* _YOUR TASK_
Return the tail of the records exactly, starting from the line containing "Digital Sheet Music" and ending with the final line.

[Stored entries]
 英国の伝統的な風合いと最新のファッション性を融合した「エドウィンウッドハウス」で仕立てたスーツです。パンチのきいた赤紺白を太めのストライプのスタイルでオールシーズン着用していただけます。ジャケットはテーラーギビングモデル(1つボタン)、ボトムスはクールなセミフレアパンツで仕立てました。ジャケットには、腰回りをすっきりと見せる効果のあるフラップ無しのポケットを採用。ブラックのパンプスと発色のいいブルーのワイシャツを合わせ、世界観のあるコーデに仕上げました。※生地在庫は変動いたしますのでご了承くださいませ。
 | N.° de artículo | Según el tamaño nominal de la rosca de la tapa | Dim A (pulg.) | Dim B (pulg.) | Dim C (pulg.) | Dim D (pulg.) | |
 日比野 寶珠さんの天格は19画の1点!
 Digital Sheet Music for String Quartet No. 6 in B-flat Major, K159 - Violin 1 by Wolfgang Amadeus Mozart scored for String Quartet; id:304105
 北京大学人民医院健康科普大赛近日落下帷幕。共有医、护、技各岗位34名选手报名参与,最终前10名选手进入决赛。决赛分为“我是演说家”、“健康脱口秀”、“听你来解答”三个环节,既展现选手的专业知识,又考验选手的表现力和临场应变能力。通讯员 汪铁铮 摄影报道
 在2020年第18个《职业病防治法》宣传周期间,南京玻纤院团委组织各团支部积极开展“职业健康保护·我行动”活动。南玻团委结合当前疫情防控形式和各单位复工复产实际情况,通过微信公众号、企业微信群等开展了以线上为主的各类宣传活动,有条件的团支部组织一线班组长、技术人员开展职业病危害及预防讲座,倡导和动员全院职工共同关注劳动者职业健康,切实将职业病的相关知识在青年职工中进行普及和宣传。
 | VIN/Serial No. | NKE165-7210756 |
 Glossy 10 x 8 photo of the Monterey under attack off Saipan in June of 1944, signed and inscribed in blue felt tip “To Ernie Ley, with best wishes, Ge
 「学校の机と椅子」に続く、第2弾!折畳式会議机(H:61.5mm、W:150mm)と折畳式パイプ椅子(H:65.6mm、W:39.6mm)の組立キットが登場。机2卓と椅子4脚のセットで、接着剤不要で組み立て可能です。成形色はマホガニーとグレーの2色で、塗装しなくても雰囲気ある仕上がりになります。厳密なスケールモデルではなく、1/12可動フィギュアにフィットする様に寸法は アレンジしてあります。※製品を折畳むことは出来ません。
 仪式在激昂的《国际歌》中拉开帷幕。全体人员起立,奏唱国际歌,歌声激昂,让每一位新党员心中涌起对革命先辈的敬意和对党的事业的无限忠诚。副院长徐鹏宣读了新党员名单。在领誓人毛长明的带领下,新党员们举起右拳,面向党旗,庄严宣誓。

* _YOUR SOLUTION_
 Digital Sheet Music for String Quartet No. 6 in B-flat Major, K159 - Violin 1 by Wolfgang Amadeus Mozart scored for String Quartet; id:304105
 北京大学人民医院健康科普大赛近日落下帷幕。共有医、护、技各岗位34名选手报名参与,最终前10名选手进入决赛。决赛分为“我是演说家”、“健康脱口秀”、“听你来解答”三个环节,既展现选手的专业知识,又考验选手的表现力和临场应变能力。通讯员 汪铁铮 摄影报道
 在2020年第18个《职业病防治法》宣传周期间,南京玻纤院团委组织各团支部积极开展“职业健康保护·我行动”活动。南玻团委结合当前疫情防控形式和各单位复工复产实际情况,通过微信公众号、企业微信群等开展了以线上为主的各类宣传活动,有条件的团支部组织一线班组长、技术人员开展职业病危害及预防讲座,倡导和动员全院职工共同关注劳动者职业健康,切实将职业病的相关知识在青年职工中进行普及和宣传。
 | VIN/Serial No. | NKE165-7210756 |
 Glossy 10 x 8 photo of the Monterey under attack off Saipan in June of 1944, signed and inscribed in blue felt tip “To Ernie Ley, with best wishes, Ge
 「学校の机と椅子」に続く、第2弾!折畳式会議机(H:61.5mm、W:150mm)と折畳式パイプ椅子(H:65.6mm、W:39.6mm)の組立キットが登場。机2卓と椅子4脚のセットで、接着剤不要で組み立て可能です。成形色はマホガニーとグレーの2色で、塗装しなくても雰囲気ある仕上がりになります。厳密なスケールモデルではなく、1/12可動フィギュアにフィットする様に寸法は アレンジしてあります。※製品を折畳むことは出来ません。
 仪式在激昂的《国际歌》中拉开帷幕。全体人员起立,奏唱国际歌,歌声激昂,让每一位新党员心中涌起对革命先辈的敬意和对党的事业的无限忠诚。副院长徐鹏宣读了新党员名单。在领誓人毛长明的带领下,新党员们举起右拳,面向党旗,庄严宣誓。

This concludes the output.